An interview on Digital Fatigue and here is what we can do

Earlier this month, I was invited by Ehtesham Shahid, a journalist at the Khaleej Times, an English newspaper based in Dubai. He asked me questions about digital fatigue, and I talked about how this prolonged situation of uncertainty and our blurred boundaries online and offline influence our emotional, cognitive, and physical selves, and could reading books save us?  You can read the entire piece here, there are interesting viewpoints from other experts as well. Below is the unedited and uncut version of my answers and thoughts on this topic.

Digital fatigue is a human state and it influences our physical, emotional and cognitive wellbeing. Starting from the current global socio-economical/political disruption to the climate crisis, prolonged uncertainty and isolation, a substantial increase in the internet consumption both for work and leisure time activities, created inevitably the collective digital fatigue. Especially now that we are living through collective trauma. Constantly required to be online, work on remote, with the video on, mute and unmute, plugged in, plugged out, on just a few steps from the bed, sofa, or the kitchen, paying bills, shopping online, ordering food online, communicating and socializing online. Additionally, we spend every free moment numbing ourselves with social media to avoid difficult thoughts and feelings. Our work-personal life boundaries are blurred. We lost the grounding structure. And both on the macro and micro level, all these continuous anxieties and uncertainties inevitably create digital fatigue that could lead to more concerning conditions such as digital burnout.

Oodi library, Helsinki

Is digital technology responsible for our (lack of) book-reading habits?

We shouldn’t blame technology and gadgets for not maintaining our book-reading habits. It is true that with accelerated digital technologies our attention span has shortened. We spend too much time on our mobile phones and the internet excessively consuming information. It distracts our focus from the things that are relevant and substantial to us. We are more consuming and less creating.

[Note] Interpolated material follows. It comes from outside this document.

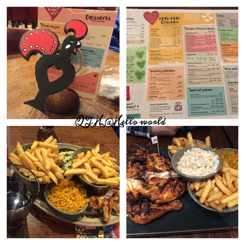 英国 上方两张是我们第一顿在英国的正餐,贝克街上的披萨小屋,当然不是国内的必胜客连锁,而是一家私营的小店,店里环境和食物都不错,我们选择的自助,得以品尝了好几种pizza和蔬菜色拉,但由于刚到英国,身上零钱不足,小费没有给足,店家都把给小费的罐子放到我们面前了,我们故作镇静实则仓皇失措地出了店门,实在要说声抱歉,不是你们不好,而是我太羞涩。左下和右下是利物浦火车站附近的汉堡王和肯德基,中间是威斯敏斯特大教堂前的热狗餐,咖啡+热狗好像也算是英国挺普遍的一种午餐方式。英国通常中餐吃得比较简单,晚上会吃一顿真正的正餐。 再想说的,就是网红店的打卡了。第一家是著名的Nando‘s葡式烤鸡店。Nando’s是一家连锁店,几乎覆盖了伦敦城区的主要区域,可以说在哪里都能找到,主营的就是烤鸡。因为是烤的缘故,烤鸡盘端上桌绝对是很香嫩的,我们一家三口的话,点上一个套餐,再加几份色拉、蔬菜之类的小盘就足够了,饮料是可以畅饮的。味道不错,加之价格亲民,应该就是最大的卖点了,孩子特别喜欢,我们在泰晤士河边和摄政街上各体验了一次,分别吃了鸡翅套餐和整鸡套餐,摄政街店明显人多,而且烤制得有点焦,虽是连锁店,还是有些区别的。Nando‘s的调料据说很有名,我们现场看到种类确实也很多,不过大部分是各种辣酱,我们觉得原味的特别香,就没有去做特别的尝试,反正,不辣的调味酱,感觉一般。

It also depends on how we structure and set up the space to read a book. It depends on our time management skills and setting up priorities for our self-development. Family and social surroundings represent very relevant factors for book-reading habits. If you come from a family or circle of friends that cultivate reading books, it will likely become an everyday routine for you as well. We are who we are surrounded with. Community power, encouragement and accountability play a relevant role.

We as individuals are responsible to create a space and a habit of reading and writing.  For example, I am both a reader and a writer. Those who are avid readers are also potential writers.

We should realize that reading makes us curious and kind and sparkles our imagination. And that is an enormous quality in enriching our lives and the lives of others. It is a pleasure and a luxury nowadays.

We have seen that the number of digital book clubs via zoom grew exponentially during this global mayhem. Reading, talking about books and exchanging thoughts through online gatherings, book clubs, forums, book-reading websites such as Goodreads, et cetera, was the main dynamic in maintaining conversations about books. Those conversations often inspire a sense of community, identity growth, purpose, and connection.

For years now, I keep repeating that internet technology and digital tools are not a magic wand nor a necessary evil. At this moment of collective trauma that we are all experiencing, digital technologies maintained the connection between people and make them feel included. Other advantages of digital consumption are that we have dynamics of creativity, collaboration, community, exchange of ideas, small talk, humour, that entire realm of interaction and learning. The disadvantages of internet technology are obvious. We can become more distracted, less focused on daily tasks and not present in communication with others, attention span is shorter, we may feel isolated and pseudo-connected, develop insomnia, anxiety, irritability, fatigue, burnout. We work, communicate, play games, eat in front of our screens, we socialize. As an outcome of continuous digital consumption, we are less productive and our imagination and creativity stagnate.

Each one of us should find the golden mean and use the digital tools and technology for our benefit and not the other way around. The solution is in setting up the boundaries, creating the space for our habits and rituals, making the separation of our different roles, our work self and private self, digital and analogue. Digital sabbaticals are useful, too. I disconnect from time to time. We should limit screen time, limit hours on social media, spend time outdoors, in nature, reading a book, doing some creative work, contributing to the community.  This is the responsibility of each one of us in order to keep our inner vertical of creativity, empathy, and integrity.